4. The method for generating digital human voice and facial animation from text according to claim 1, wherein: the construction of the acoustic model uses an acoustic model with a variational automatic encoder, semantic vectors of text are used as input, an acoustic feature representation is generated, the encoder of the automatic encoder maps the semantic vectors to Gaussian distribution in a potential space, potential codes are obtained through random sampling, then a decoder of the automatic encoder maps the potential codes to the acoustic feature representation, pronunciation rules are input into a pre-trained voice encoder, and the voice encoder generates feature representations of voice signals according to the pronunciation rules.

5. The method for generating digital human voice and facial animation from text according to claim 1, wherein: the stop words are common words which frequently appear in the text but usually do not carry too much semantic information, such as prepositions, conjunctions, pronouns and the like, and feature dimensions can be reduced by removing the stop words, so that model effect and calculation efficiency are improved.

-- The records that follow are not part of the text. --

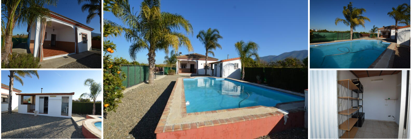
Charming Rural Chalet with Pool and Barbecue Area

This lovely chalet is set in a peaceful rural location surrounded by fruit trees, offering complete privacy and a relaxing atmosphere. The property features a swimming pool, a fully equipped barbecue area, and ample parking space for several vehicles, with easy access via a paved road.
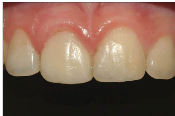
Figure 8: Clinical case after the end of the treatment
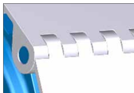
The best-in-class uni-chains hinge system keeps belt maintenance simpler and easier.
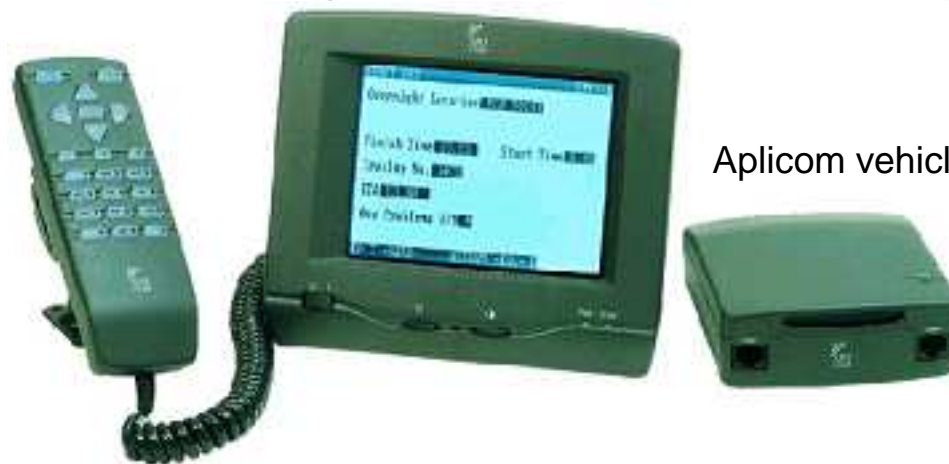
Aplicom vehicle workstation from 1995
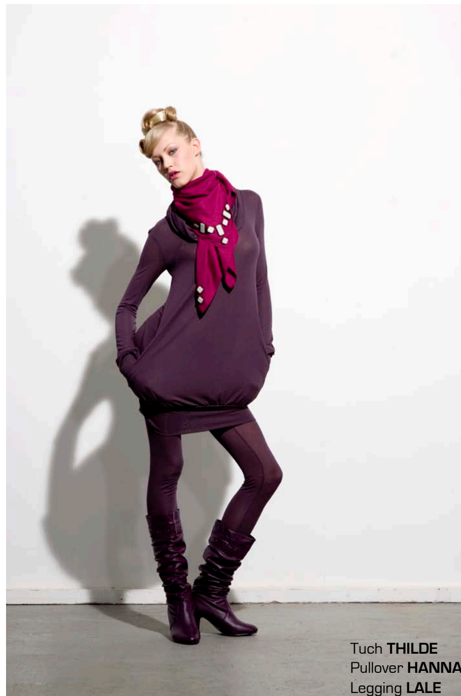
Tuch THILDE Pullover HANNA Legging LALE
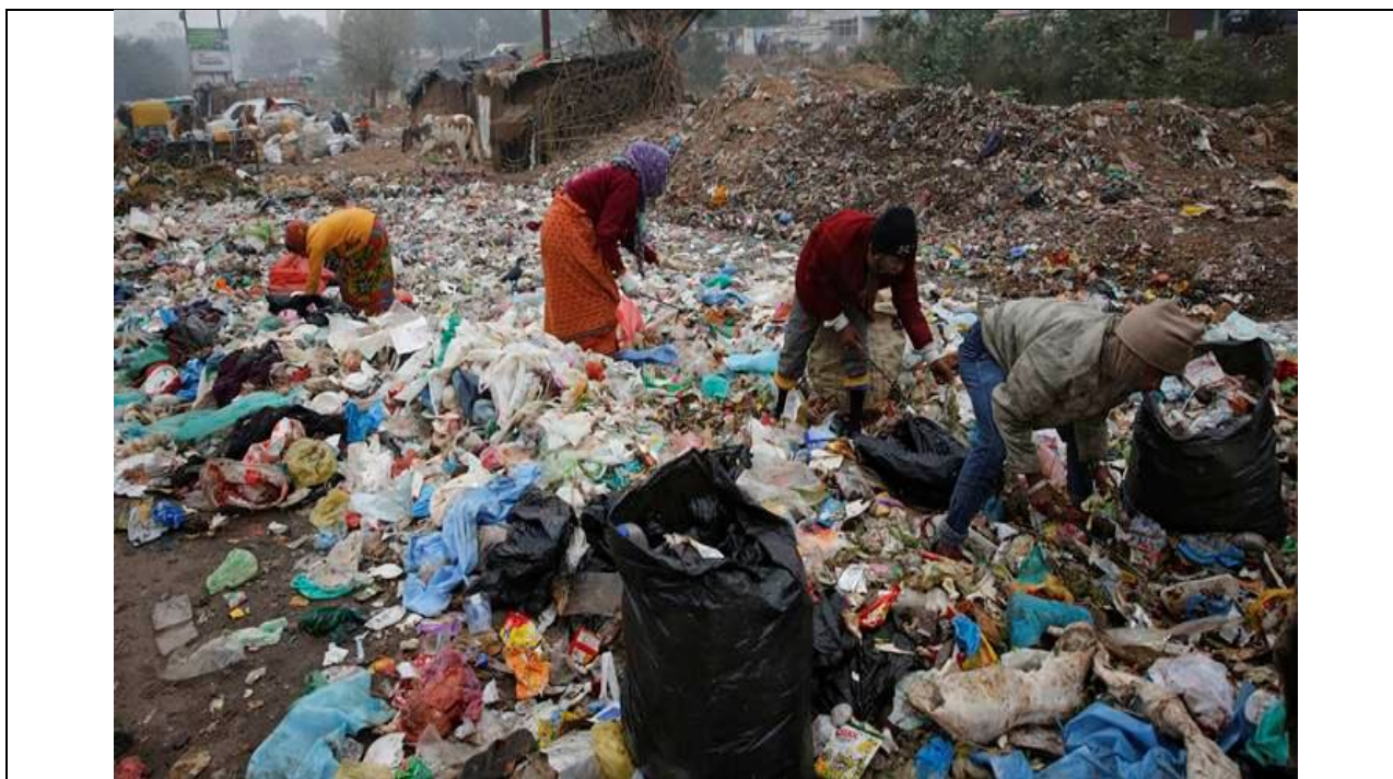
Table: (a) - Cities of huge waste generation in India.
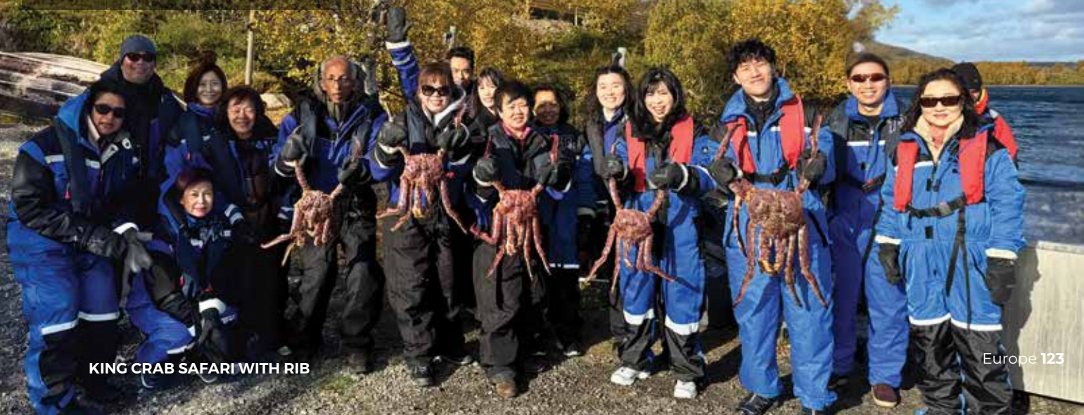
KING CRAB SAFARI WITH RIB
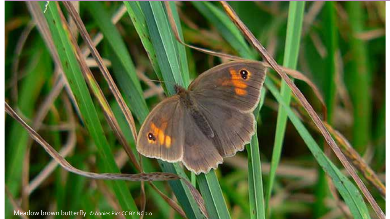
Meadow brown butterfly
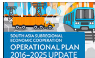
SASEC OPERATIONAL PLAN 2016-2025 UPDATE
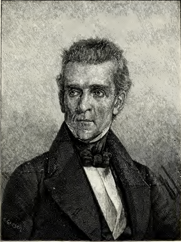
JAMES K. POLK.

6. The method for generating digital human voice and facial animation from text according to claim 1, wherein: the data are prepared into a text and voice data set for training, the data set comprises a text and a corresponding voice sample, the text and the voice data set are used for establishing a mapping relation between the text and the voice, the text at the moment is a text which is already classified after a series of processing, and the voice is also classified into three voice speeds of positive, neutral and negative in the same way, and the voice of the part is classified into manual classification.